| What is required |
From the first line to the last, write out the records exactly, leaving the pictures behind.

BEGIN Supplied material

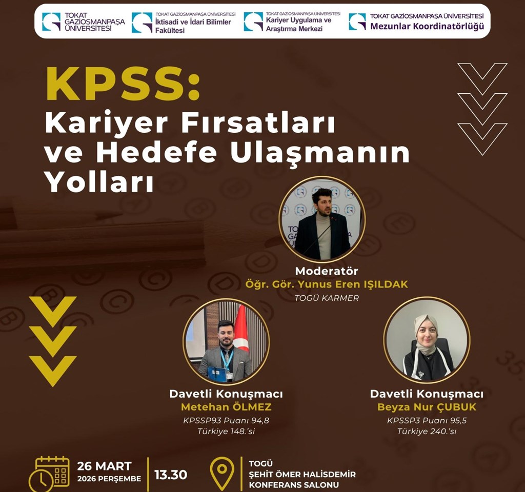 TOGÜ Kariyer Uygulama ve Araştırma Merkezi Koordinatörlüğü ile TOGÜ KARMERD'den Öğr. Gör. Yunus Eren Işıldak Moderatörlüğünde; Davetli Konuşmacılar KPSS Türkiye 148.'si Metehan Ölmez ve KPSS Türkiye 240.'sı Beyza Nur Çubuk'un katılımlarıyla; 26 Mart 2026 Perşembe günü saat 13.30'da, TOGÜ Şehit Ömer Halis Demir Konferans salonunda,
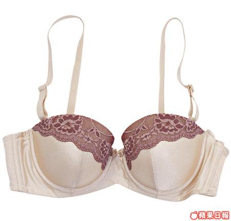 全個喱士t杯Bra,把脂肪由下及左右推向中間,身形瘦削最啱,厚墊可拆除。
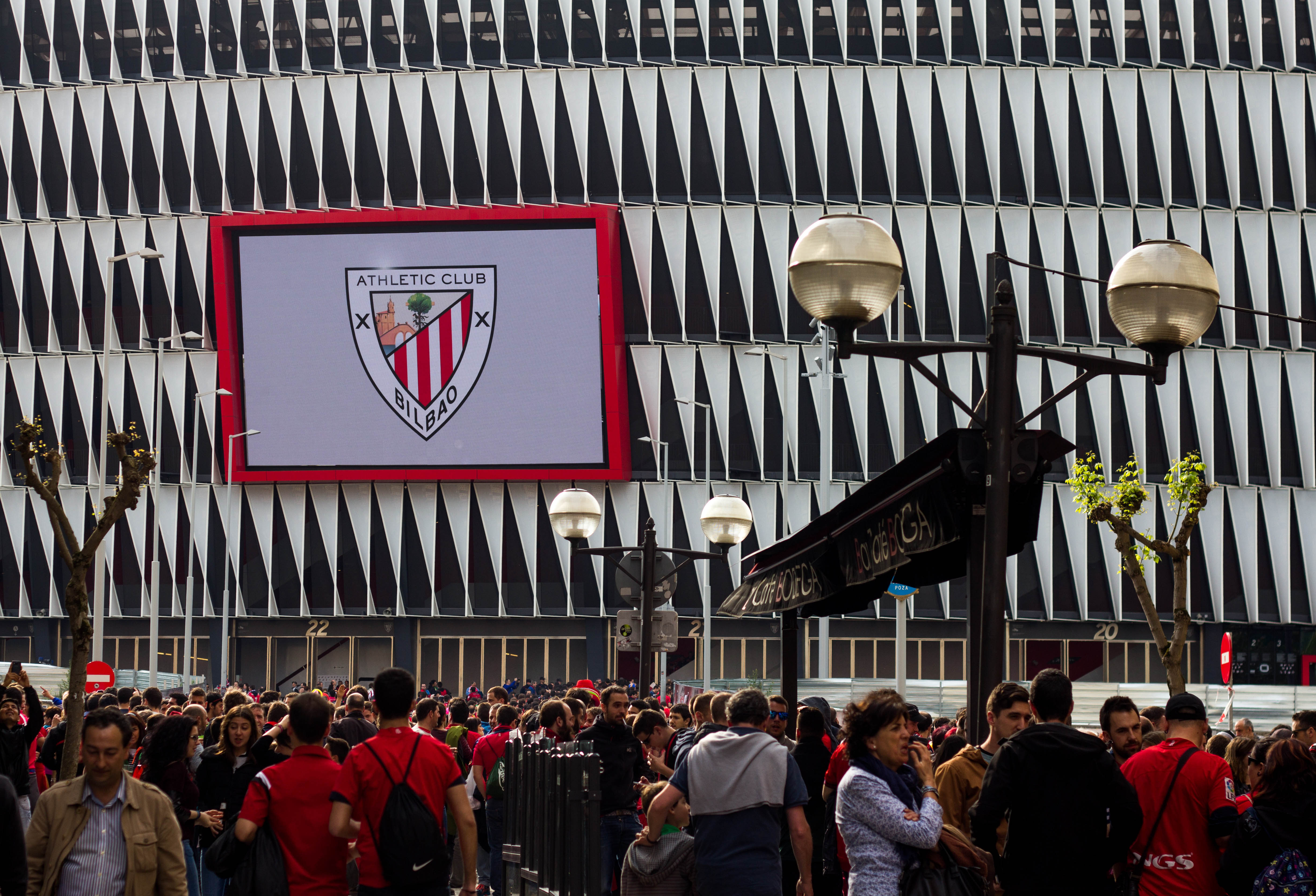 2015년부터 경기장에는 초대형 외부 비디오 스크린(15.5m X 9.8m)이 설치되었다.[24] 이 스크린은 경기장으로 이어지는 도시 중심부에서 뻗어있는 거리인 "Pozas"를 향하고 있으며, 경기일에는 팬들이 즐겨 찾는 산책로이자 아틀레틱 테마의 바가 늘어서 있다.
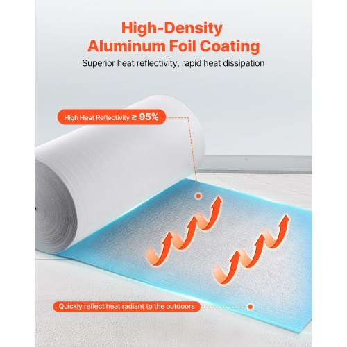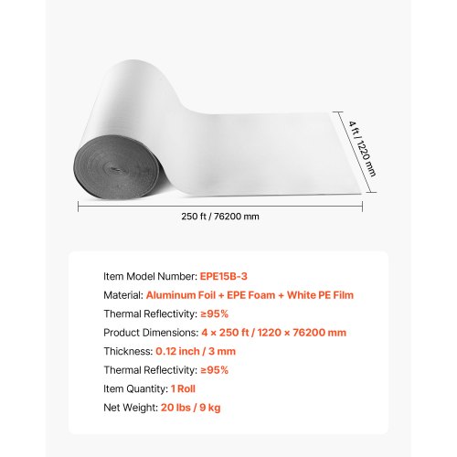 VEVOR Reflective Insulation Roll EPE Foam Core Radiant Barrier 3mm 48in x 250ft<br/>Superior Thermal Insulation<br/>Premium Material<br/>Easy Installation Tips<br/>Multiple Size Options<br/>Versatile Application<br/>Free to Cut<br/>Thickness: 0.12 inch / 3 mm,Thermal Reflectivity: ≥95%,Item Quantity: 1 Roll,Item Model Number: EPE15B-3,Material: Aluminum Foil + EPE Foam + White PE Film,Product Dimensions: 4 x 250 ft / 1220 x 76200 mm,Net Weight: 20 lbs / 9 kg
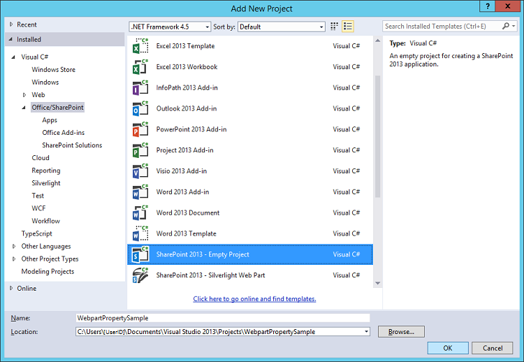 Choose SharePoint 2013 – Empty Project from Office/SharePoint sub menu under Visual C#.

END Supplied material

| Expected answer |
 TOGÜ Kariyer Uygulama ve Araştırma Merkezi Koordinatörlüğü ile TOGÜ KARMERD'den Öğr. Gör. Yunus Eren Işıldak Moderatörlüğünde; Davetli Konuşmacılar KPSS Türkiye 148.'si Metehan Ölmez ve KPSS Türkiye 240.'sı Beyza Nur Çubuk'un katılımlarıyla; 26 Mart 2026 Perşembe günü saat 13.30'da, TOGÜ Şehit Ömer Halis Demir Konferans salonunda,
 全個喱士t杯Bra,把脂肪由下及左右推向中間,身形瘦削最啱,厚墊可拆除。
 2015년부터 경기장에는 초대형 외부 비디오 스크린(15.5m X 9.8m)이 설치되었다.[24] 이 스크린은 경기장으로 이어지는 도시 중심부에서 뻗어있는 거리인 "Pozas"를 향하고 있으며, 경기일에는 팬들이 즐겨 찾는 산책로이자 아틀레틱 테마의 바가 늘어서 있다.
 VEVOR Reflective Insulation Roll EPE Foam Core Radiant Barrier 3mm 48in x 250ft<br/>Superior Thermal Insulation<br/>Premium Material<br/>Easy Installation Tips<br/>Multiple Size Options<br/>Versatile Application<br/>Free to Cut<br/>Thickness: 0.12 inch / 3 mm,Thermal Reflectivity: ≥95%,Item Quantity: 1 Roll,Item Model Number: EPE15B-3,Material: Aluminum Foil + EPE Foam + White PE Film,Product Dimensions: 4 x 250 ft / 1220 x 76200 mm,Net Weight: 20 lbs / 9 kg
 Choose SharePoint 2013 – Empty Project from Office/SharePoint sub menu under Visual C#.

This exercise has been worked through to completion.